- Aim of the task -
For the records below, print the lines from the line with "升级[榉木]小熊两面护栏+6cm可拆椰棕床垫" through the line with "且需要注意的是,万宁在公告中" exactly as written; include both end lines and exclude the rest.

- Data to process -
==============================

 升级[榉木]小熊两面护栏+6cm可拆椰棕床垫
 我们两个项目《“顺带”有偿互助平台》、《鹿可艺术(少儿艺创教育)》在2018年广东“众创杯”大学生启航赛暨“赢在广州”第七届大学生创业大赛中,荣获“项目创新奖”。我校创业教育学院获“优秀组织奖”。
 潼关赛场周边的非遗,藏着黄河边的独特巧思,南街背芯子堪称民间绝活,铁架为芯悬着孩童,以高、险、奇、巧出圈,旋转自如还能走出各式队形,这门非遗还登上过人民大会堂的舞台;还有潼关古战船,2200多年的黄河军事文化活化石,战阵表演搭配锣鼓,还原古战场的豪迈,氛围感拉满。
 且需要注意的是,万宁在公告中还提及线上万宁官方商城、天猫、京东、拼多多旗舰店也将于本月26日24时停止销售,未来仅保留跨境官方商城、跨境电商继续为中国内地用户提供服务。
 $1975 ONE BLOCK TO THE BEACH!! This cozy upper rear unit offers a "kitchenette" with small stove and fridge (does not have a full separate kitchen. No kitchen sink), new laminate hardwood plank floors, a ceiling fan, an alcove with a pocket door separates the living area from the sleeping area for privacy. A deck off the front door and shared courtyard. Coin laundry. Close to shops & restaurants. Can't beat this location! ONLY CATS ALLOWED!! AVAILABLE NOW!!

==============================

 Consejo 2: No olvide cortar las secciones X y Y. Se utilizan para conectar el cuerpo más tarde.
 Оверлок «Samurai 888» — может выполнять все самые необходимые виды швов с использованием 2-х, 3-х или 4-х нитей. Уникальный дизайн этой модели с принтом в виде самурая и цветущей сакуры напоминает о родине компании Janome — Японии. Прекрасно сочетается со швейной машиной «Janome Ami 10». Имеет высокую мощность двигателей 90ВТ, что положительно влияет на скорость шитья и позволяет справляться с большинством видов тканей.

==============================

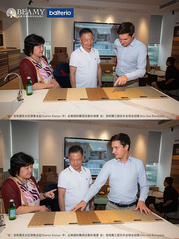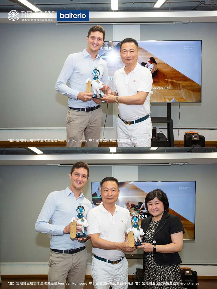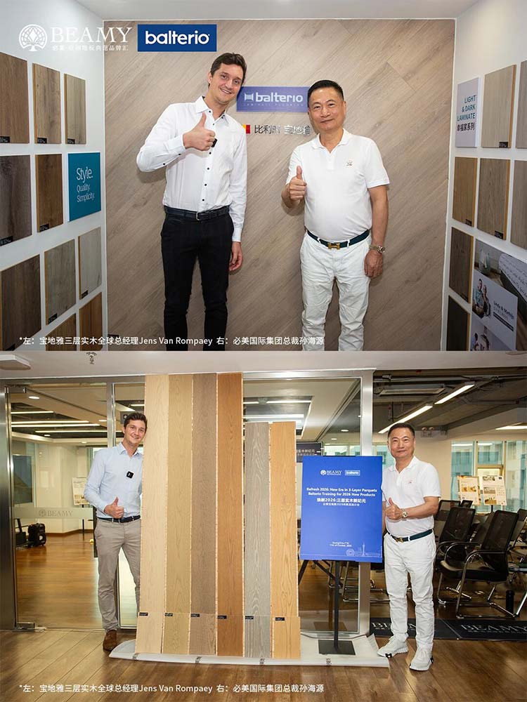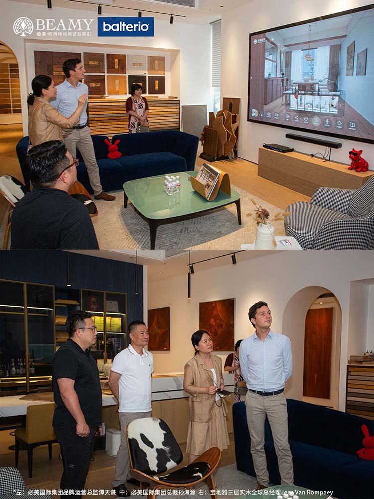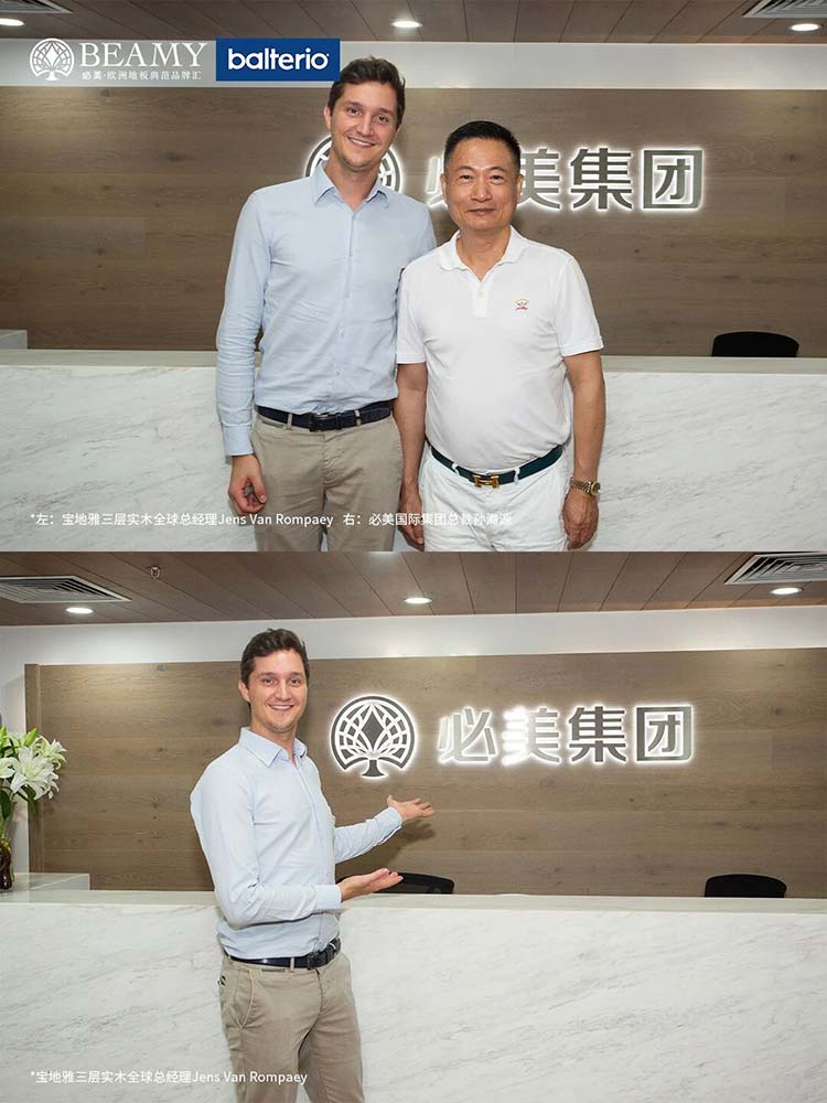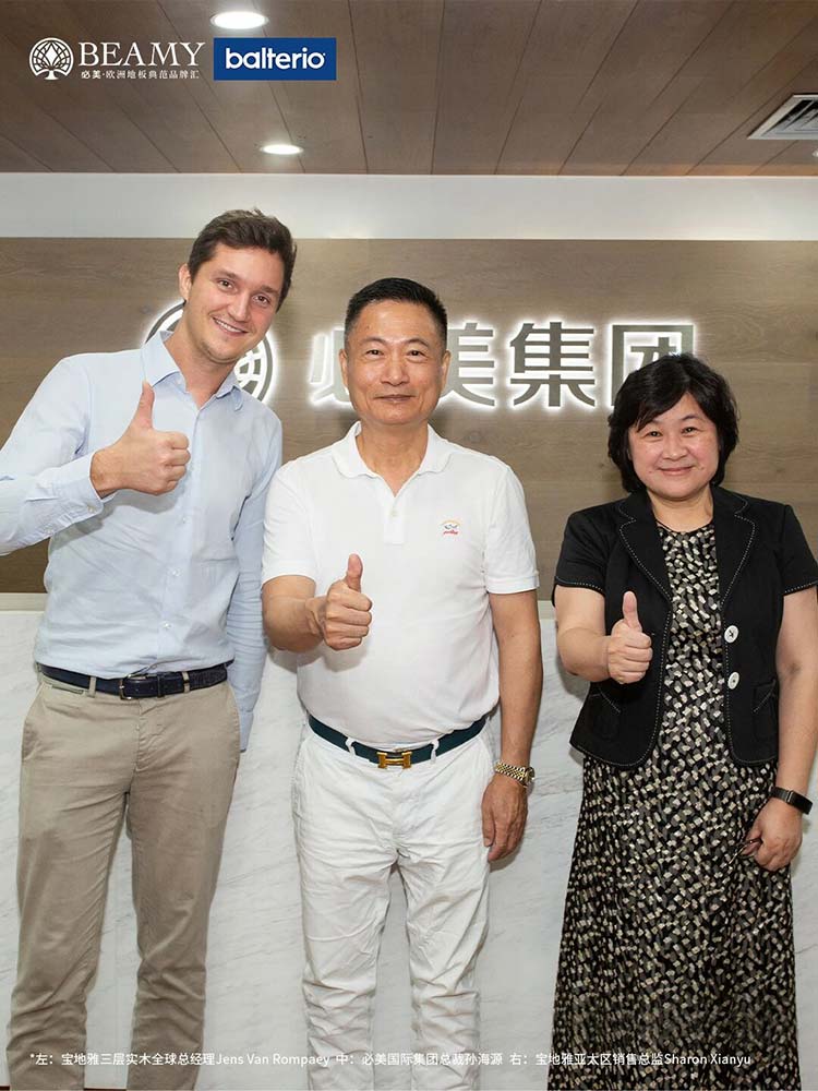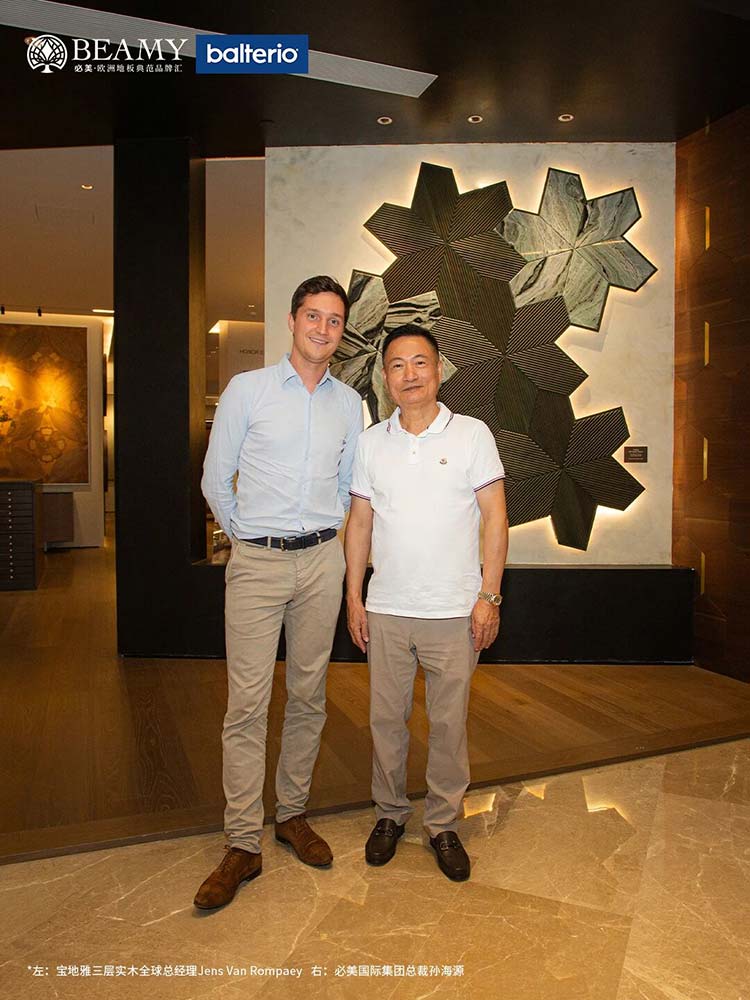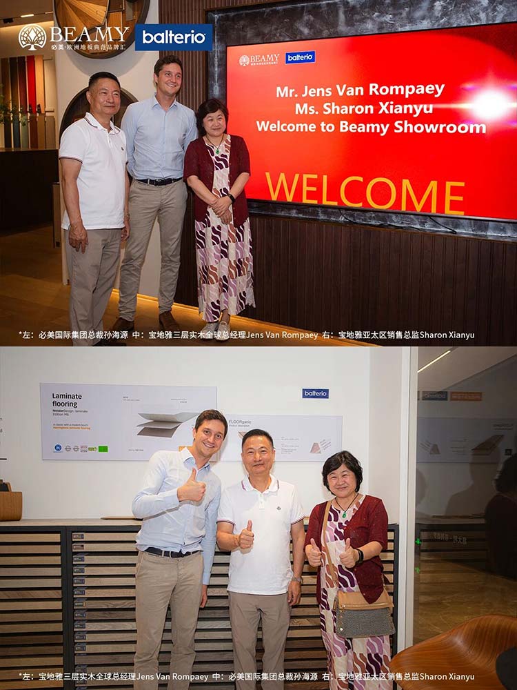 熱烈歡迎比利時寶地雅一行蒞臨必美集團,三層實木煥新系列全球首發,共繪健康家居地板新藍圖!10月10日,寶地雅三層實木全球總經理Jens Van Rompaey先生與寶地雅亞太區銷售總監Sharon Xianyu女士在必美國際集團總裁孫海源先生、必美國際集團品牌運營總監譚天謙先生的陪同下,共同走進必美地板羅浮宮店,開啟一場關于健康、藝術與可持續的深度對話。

==============================

- Task response -
 升级[榉木]小熊两面护栏+6cm可拆椰棕床垫
 我们两个项目《“顺带”有偿互助平台》、《鹿可艺术(少儿艺创教育)》在2018年广东“众创杯”大学生启航赛暨“赢在广州”第七届大学生创业大赛中,荣获“项目创新奖”。我校创业教育学院获“优秀组织奖”。
 潼关赛场周边的非遗,藏着黄河边的独特巧思,南街背芯子堪称民间绝活,铁架为芯悬着孩童,以高、险、奇、巧出圈,旋转自如还能走出各式队形,这门非遗还登上过人民大会堂的舞台;还有潼关古战船,2200多年的黄河军事文化活化石,战阵表演搭配锣鼓,还原古战场的豪迈,氛围感拉满。
 且需要注意的是,万宁在公告中还提及线上万宁官方商城、天猫、京东、拼多多旗舰店也将于本月26日24时停止销售,未来仅保留跨境官方商城、跨境电商继续为中国内地用户提供服务。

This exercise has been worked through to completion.